The Securities and Exchange Commission ("Commission") announced today that on August 25, 2004, the Honorable James Robertson, United States District Court Judge for the District of Columbia, entered an Order of Final Judgment against U.S. Technologies, Inc. ("UST"). UST consented to entry of the Final Judgment, without admitting or denying the allegations in the Commission's complaint, to settle the civil action against UST filed on December 19, 2002. The Final Judgment enjoins UST from violating Section 17(a) of the Securities Act of 1933 ("Securities Act"), Sections 10(b), 13(a), 13(b)(2)(A), and 13(b)(2)(B) of the Securities Exchange Act of 1934 ("Exchange Act") and Rules 10b-5, 12b-20, 13a-1, 13a-11, and 13a-13 thereunder.

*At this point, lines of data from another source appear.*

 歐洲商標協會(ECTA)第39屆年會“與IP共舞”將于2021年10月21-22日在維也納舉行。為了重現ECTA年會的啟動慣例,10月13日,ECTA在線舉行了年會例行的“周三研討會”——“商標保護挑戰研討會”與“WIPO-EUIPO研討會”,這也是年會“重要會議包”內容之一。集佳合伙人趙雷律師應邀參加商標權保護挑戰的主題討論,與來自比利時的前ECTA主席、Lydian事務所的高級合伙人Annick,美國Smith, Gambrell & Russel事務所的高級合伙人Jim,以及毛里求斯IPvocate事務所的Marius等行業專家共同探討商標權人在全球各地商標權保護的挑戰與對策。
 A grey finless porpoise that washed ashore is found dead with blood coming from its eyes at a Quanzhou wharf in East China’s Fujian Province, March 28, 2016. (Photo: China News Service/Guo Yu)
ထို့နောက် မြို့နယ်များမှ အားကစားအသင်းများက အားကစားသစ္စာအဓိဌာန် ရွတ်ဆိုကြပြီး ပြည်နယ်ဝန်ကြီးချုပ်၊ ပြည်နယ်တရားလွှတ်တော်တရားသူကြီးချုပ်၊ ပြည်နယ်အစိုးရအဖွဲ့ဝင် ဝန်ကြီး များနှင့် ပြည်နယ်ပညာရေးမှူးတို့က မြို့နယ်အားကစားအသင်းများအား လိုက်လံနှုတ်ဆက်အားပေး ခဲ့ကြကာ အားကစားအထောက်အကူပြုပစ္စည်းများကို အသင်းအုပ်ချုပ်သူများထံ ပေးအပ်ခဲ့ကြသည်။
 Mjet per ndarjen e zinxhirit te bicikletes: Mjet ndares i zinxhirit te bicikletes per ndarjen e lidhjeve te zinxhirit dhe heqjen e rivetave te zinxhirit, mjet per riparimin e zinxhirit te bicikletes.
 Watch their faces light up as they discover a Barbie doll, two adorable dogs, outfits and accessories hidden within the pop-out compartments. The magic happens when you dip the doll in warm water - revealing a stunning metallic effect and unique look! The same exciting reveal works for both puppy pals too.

In a related proceeding instituted on August 26, 2004, the Commission issued an Order Instituting Proceedings pursuant to Section 12(j) of the Exchange Act against UST. As part of its settlement with the Commission, UST consented to entry of the Commission's Order, which deregisters the company's common stock pursuant to Section 12(j) of the Exchange Act. [See SEC Administrative Proceedings Release No. 34-50273, August 26, 2004].

The Commission's complaint in the case alleged that from June 1998 through August 2002, UST's Chief Executive Officer, C. Gregory Earls, misappropriated approximately $13.8 million from investors who believed they were giving Earls money to purchase preferred stock and warrants from UST. According to the complaint, Earls carried out this scam through a limited liability company he created called USV Partners LLC. The complaint charged that Earls falsely told investors in USV Partners that the entity was created solely to purchase and hold UST stock and warrants, and that he would not take any management fees. According to the complaint, Earls lured more than one hundred investors into giving him more than $20 million to purchase UST stock and warrants through USV Partners. Although UST badly needed the capital infusion, according to the complaint, Earls bought only a small portion of the stock he promised investors. He then allegedly misappropriated $13.8 million of their money by paying himself $4.7 million in management fees and $9.1 million that he falsely classified as "Legal and Accounting" expenses. As alleged in the complaint, neither UST nor Earls has ever publicly disclosed Earls' diversion of these investor funds.

On April 23, 2004, in a related criminal proceeding, a jury convicted Earls of 22 counts of securities fraud, mail fraud and wire fraud arising out of the same events and activities alleged in the Commission's complaint. United States v. C. Gregory Earls, No. 02-MAG-531 (S.D.N.Y.).

For further information regarding this case, see Litigation Release No. 17904 (December 19, 2002) and Litigation Release No. 18031 (March 12, 2003).